=== What needs to be done ===
For the entries that follow, retype exactly the lines from the one containing "Enquanto isso, no" to the one containing "Tarpeeton uusi vedenkeitin", inclusive, and only those. Images stay out of the copy.

=== Entries supplied ===
☆ ☆ ☆ ☆ ☆
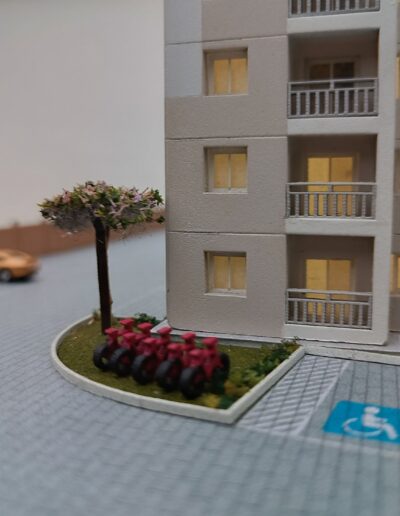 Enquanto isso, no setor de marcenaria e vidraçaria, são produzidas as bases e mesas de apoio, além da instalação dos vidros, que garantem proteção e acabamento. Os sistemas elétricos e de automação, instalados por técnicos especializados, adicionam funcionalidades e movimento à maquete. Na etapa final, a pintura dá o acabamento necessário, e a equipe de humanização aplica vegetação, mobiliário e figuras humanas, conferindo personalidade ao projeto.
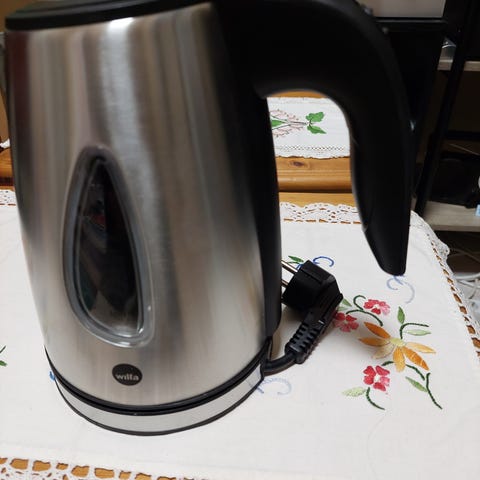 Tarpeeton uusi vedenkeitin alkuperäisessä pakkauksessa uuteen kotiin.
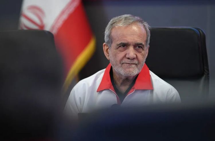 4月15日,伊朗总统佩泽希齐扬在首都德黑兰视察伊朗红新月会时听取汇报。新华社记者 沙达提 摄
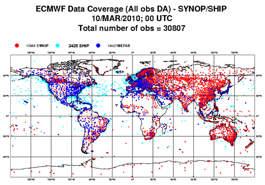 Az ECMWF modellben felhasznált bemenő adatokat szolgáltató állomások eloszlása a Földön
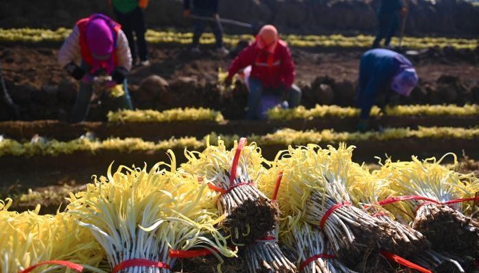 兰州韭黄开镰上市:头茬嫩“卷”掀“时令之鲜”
☆ ☆ ☆ ☆ ☆
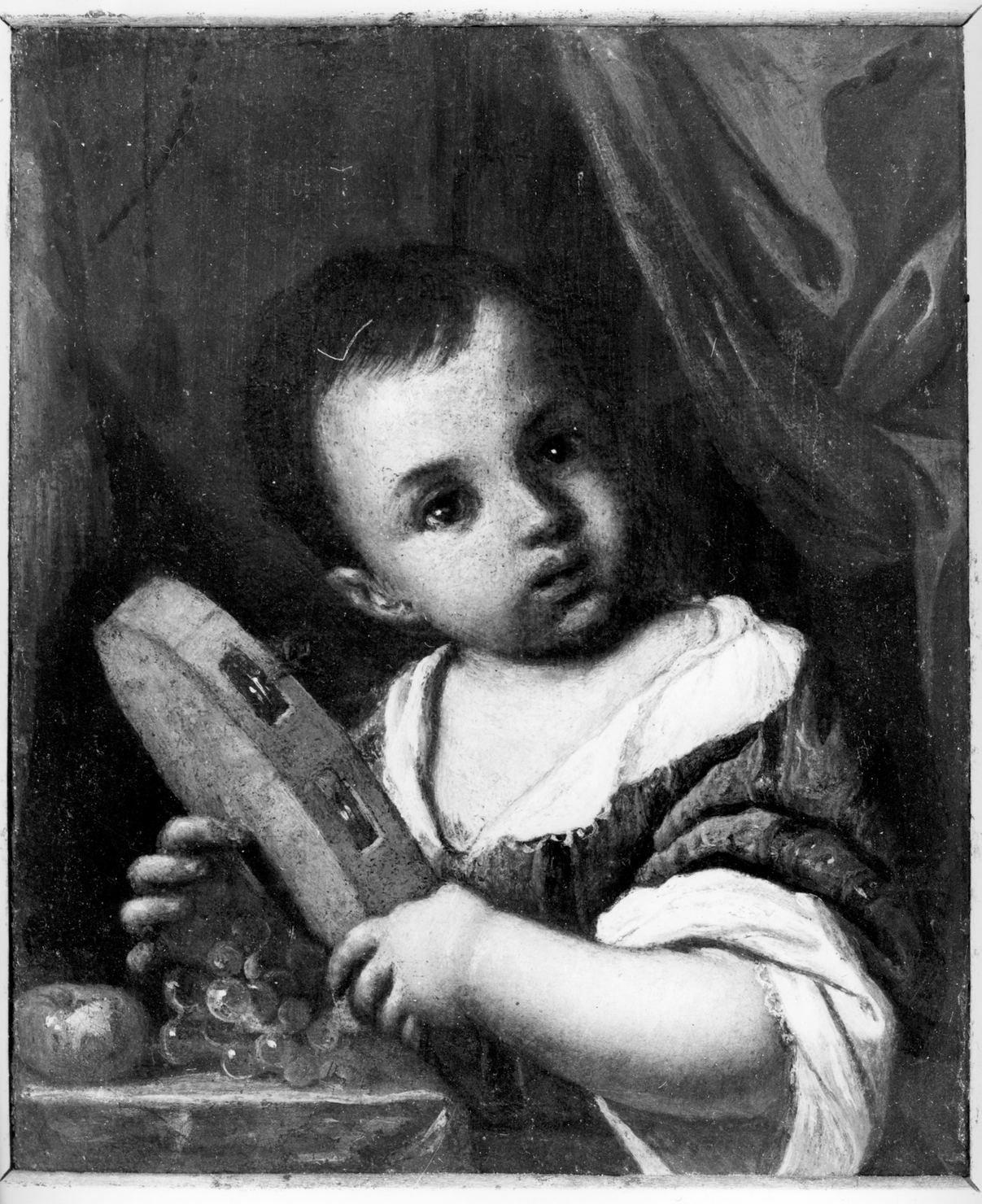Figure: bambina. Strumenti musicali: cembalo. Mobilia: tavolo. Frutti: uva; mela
☆ ☆ ☆ ☆ ☆
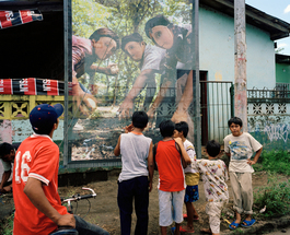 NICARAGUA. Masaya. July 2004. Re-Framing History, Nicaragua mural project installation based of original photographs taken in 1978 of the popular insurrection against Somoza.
☆ ☆ ☆ ☆ ☆
=== Response area ===
 Enquanto isso, no setor de marcenaria e vidraçaria, são produzidas as bases e mesas de apoio, além da instalação dos vidros, que garantem proteção e acabamento. Os sistemas elétricos e de automação, instalados por técnicos especializados, adicionam funcionalidades e movimento à maquete. Na etapa final, a pintura dá o acabamento necessário, e a equipe de humanização aplica vegetação, mobiliário e figuras humanas, conferindo personalidade ao projeto.
 Tarpeeton uusi vedenkeitin alkuperäisessä pakkauksessa uuteen kotiin.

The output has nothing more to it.